Incomplete declaration of a partially specialized template

Question

I am trying to partially specialize the std::hash struct for my own class TestHandle , and this class has its implementation split up using the opaque pointer idiom. So I am trying to provide the impl class with its own std::hash specialization. But I am running into templating problems.
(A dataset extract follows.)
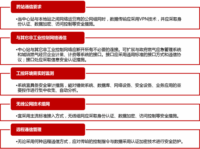 《規范》說明了市政燃氣自動化系統建設的安全性是指核心數據和報警數據要完整和可靠,具備嚴格的用戶權限功能,防病毒及黑客攻擊、保證燃氣系統的安全操作運行。規定市政燃氣自動化系統建設和運行維護應具備安全防護和應急措施,可根據需要配置網絡防火墻、網閘等安全網關類設備、入侵檢測類設備等。

Could someone help me understand why this is happening? I have attached all the necessary code below.

TestHandle.h

#pragma once
#include <memory>

class TestHandle {
public:
    TestHandle();

    void print();

    class Impl;
    std::unique_ptr<Impl> implementation;
};

TestHandle.cpp

#include "TestHandle.h"
#include "Impl.h"
#include <iostream>
using std::cout;
using std::endl;

TestHandle::TestHandle() : implementation{new TestHandle::Impl} { }

void TestHandle::print() {
    this->implementation->print();
    cout << "Hash of this->implementation is " 
        << std::hash<TestHandle::Impl>()(*this->implementation) << endl;
}

Impl.h

#pragma once
#include "TestHandle.h"
#include <functional>

class TestHandle::Impl {
public:

    void print();
    int inner_integer;
};

namespace std {
    template <> struct std::hash<TestHandle::Impl>;
}

Impl.cpp

#include "TestHandle.h"
#include "Impl.h"
#include <iostream>
using std::cout;
using std::endl;
#include <functional>

namespace std {
    template <> struct hash <TestHandle::Impl> {
        size_t operator() (const TestHandle::Impl& implementation) {
            return std::hash<int>()(implementation.inner_integer);
        }
    };
}

void TestHandle::Impl::print() {
    cout << "Printing from impl" << endl;
}

I am compiling with the following command

g++ -std=c++14 -c Impl.cpp TestHandle.cpp

and am getting the following error

TestHandle.cpp:11:12: error: invalid use of incomplete type 'std::hash<TestHandle::Impl>'
<< std::hash<TestHandle::Impl>()(*this->implementation) << endl; 

Answer 1

template <> struct std::hash<TestHandle::Impl>;

Just forward declares the specialisation. It doesn't have to implement all the method (or any) of the original template. The compiler has no idea about the operator() .

You will need to define the struct (in place of just the declaration);

template <> struct hash <TestHandle::Impl> {
        size_t operator() (const TestHandle::Impl& implementation) const noexcept;
    };

Side note: you will also need to provide the primary template (via inclusion) of <functional> (missing in the original listed code).